Я молод, бодр, здоров и весел

Николай Черкашин



                          Эмигрантская история

                                               Нет, ничто в этом мире не ново,                                             Лишь всё слаще Отечества дым.                                             Эмигранты – не русское слово,                                               Но каким оно стало родным.                                                                           Сергей Лавров  

Не дай вам Бог услышать фортепианные аккорды в одиночестве убогой комнаты эмигрантского пансионата где-нибудь под Берлином, или Парижем, да еще в осеннее ненастье. Вдруг нахлынет все разом и сразу вспомнишь кто ты и где ты… Вдруг ясно, точно очнувшись от прозябания, от сиюминутных забот о хлебе насущном, осознаешь свое утраченное величие, ну пусть не величие, пусть просто — былое достоинство, былые возможности стать кем-то, чем ты не стал и уже никогда не станешь, беспощадно скажешь себе — «ты жалкая тля», все, чего ты достиг и добился на склоне лет, ну пусть не склоне, но далеко за апогеем жизни, — это жалкая наемная комната с отстающими бумажными обоями, этот колченогий стол, это холодное холостяцкое ложе, с наброшенным поверх сиротского одеяла пальто, перешитом из сукна морской шинели, этот обтерханый фибровый чемодан, в котором кроме смены белья да пары книг ничего нет, этот невыносимый под отрешенно-печальное фортепианное треньканье вид на кладбищенскую рощу в черных шапках вороньих гнезд, и тогда молите Бога, чтобы у вас не оказалось под рукой револьвера или прочной веревки. Или просите его, чтобы соседка выключила бы, наконец, свой радиоприемник и музыка стихла, и душа вернулась в привычное русло…

 Банальный ужас моей жизни состоял в том, что у меня не было денег. Их не было настолько, что я уже не мог оплатить свою комнату на месяц вперед и хозяйка, мадам Жебрунова, дочь бывшего русского жандармского генерала, добрая душа, разрешила мне жить в комнате N 5 до тех пор, пока не появится новый жилец. Претендентов на мансардную каморку с видом на старое лютеранское кладбище, не находилось вторую неделю, и я полагал дотянуть так до ноября, когда по самым радужным надеждам, я смогу перехватить от своего издателя марок пятьсот-семьсот в качестве аванса. «У всякой рукописи рано или поздно найдется издатель», — утешался я афоризмом собственного сочинения. А пока надо было продержаться до аванса две недели.

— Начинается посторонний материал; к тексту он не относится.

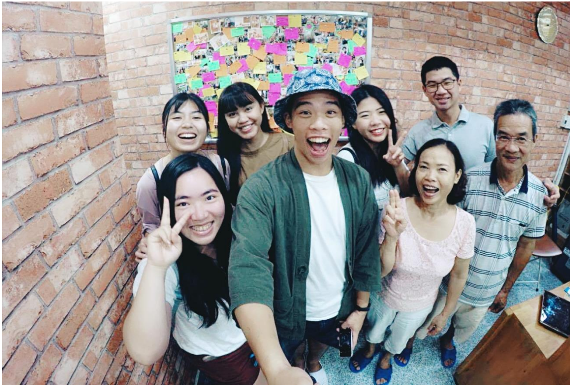
圖 27：與房東一家合影

我們解決很多溝通上的問題，而他的家人也常常邀請我們一起共進晚餐。我們很幸運可以找到這麼一個好房東。
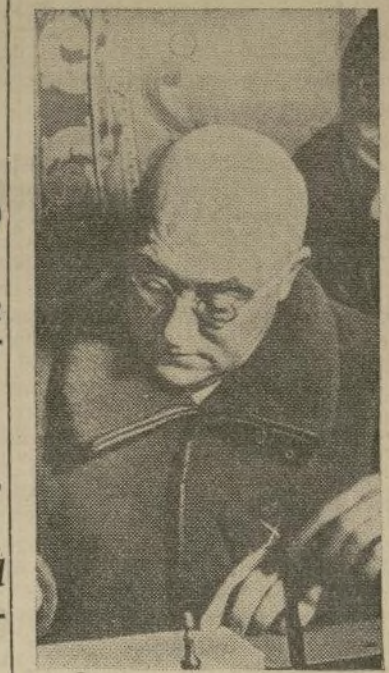
General José Miaja

Estos son, dice él, parte cósmicos y parte terrestres. Todos los rayos que se originan
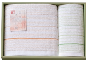
バスタオル1枚・フェイスタオル1枚
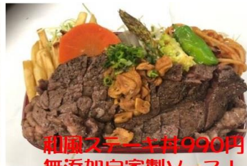
和風ステーキ丼990円 無添加自家製ソース!
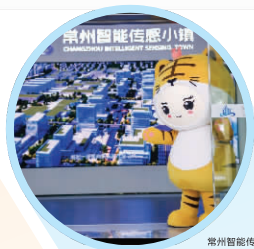
常州智能传感小镇
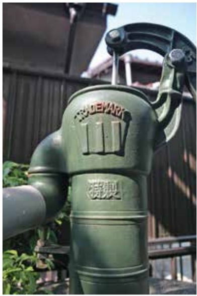
【注】人間の飲み水ではありません

「呼んだかん？ ああ、あれかん、地下水をくみ上げるポンプだわ。人間はむかし地下水を使っていた。この辺は地下
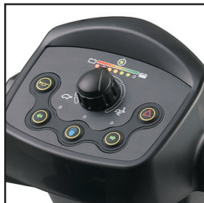
Tableau de bord « intuitif »

Les lumières des freins arrière s'allument au relâchement de l'accélérateur. Les indicateurs de direction gauche et droit arrêtent automatiquement de clignoter après 30 secondes.
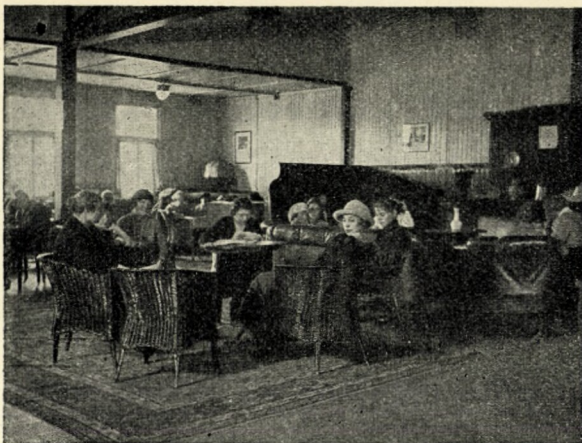
U krbu v dívčím foyer.
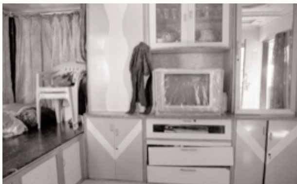
Ahmed Zakarya Nagar/Behrampada, 17 m2
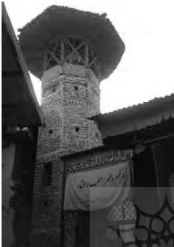
ورودی مسجد و مدرسه آقاعباس

در شرق کاردرگر محله، غرب بازار و تکیه مشائی واقع شده است. در سمت چپ در ورودی، مأذنه‌ای هشت ضلعی از آجر قرار دارد (ستوده، ۱۳۶۶، ج ۴، ب ۱، ص ۷۰). مهجوری، در تاریخ مازندران از این مسجد به صورت مسجد و مدرسه آقاعباس یاد کرده است. (مهجوری، ۱۳۴۵، ص ۲۴۸)
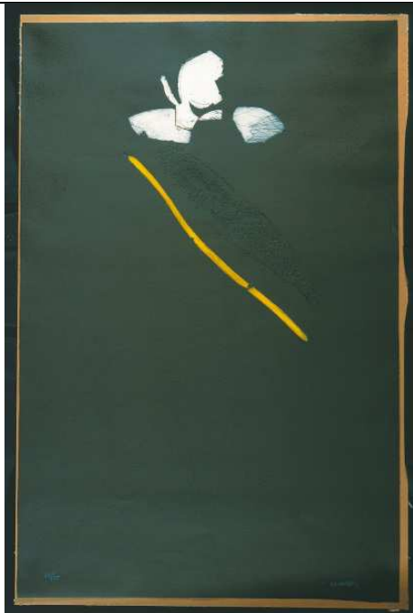
Manolo Valdés Conte duc d'Olivares II , 1986 Gravure 0,965 x 0,635 m Collection musée Goya N° inv. C 2001-13-2
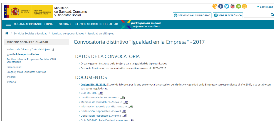
ILUSTRACIÓN 5: CAPTURA DE PANTALLA CONVOCATORIA DIE 2017

Разумеется, я готов был взяться за любую работу… Но дело в том, что в послевоенном Берлине совершенно были не нужны специалисты по управлению морскими артиллерийскими системами, то бишь линкоровскими и крейсерскими орудийными башнями. Я прекрасно это понимал и посему не сетовал на свою долю. Брался за любую работу, чтобы продержаться на плаву.

Я не чурался быть консьержем в большом элитном доме на Курдамштрассе. Я работал в зоопарке сторожем, а потом меня взял в компаньоны знакомый капитан-танкист из Добрармии Антон Коробов. Он открыл в Кёпенике небольшую мастерскую по ремонту велосипедов, и я работал вместе с ним в небольшом гараже, приспособленным и под мастерскую, и под более, чем скромное жилье. Ремонтировали мы с ним кроме велосипедов абсолютно все, что придавленные жизнью берлинцы несли в починку: примусы и кофемолки, кроватные сетки и  мясорубки, карбидные фонари и масляные лампы… Но в конце 1930 года арендная плата за гараж превысила наши доходы, и мы разошлись с Коробовым на контр-курсах. Я решил закончить свою рукопись во что бы то ни стало, не ввязываясь ни в какие работы. На скромные мои сбережения, которые неумолимо поглощала чудовищная инфляция, надо было продержаться хотя бы полгода.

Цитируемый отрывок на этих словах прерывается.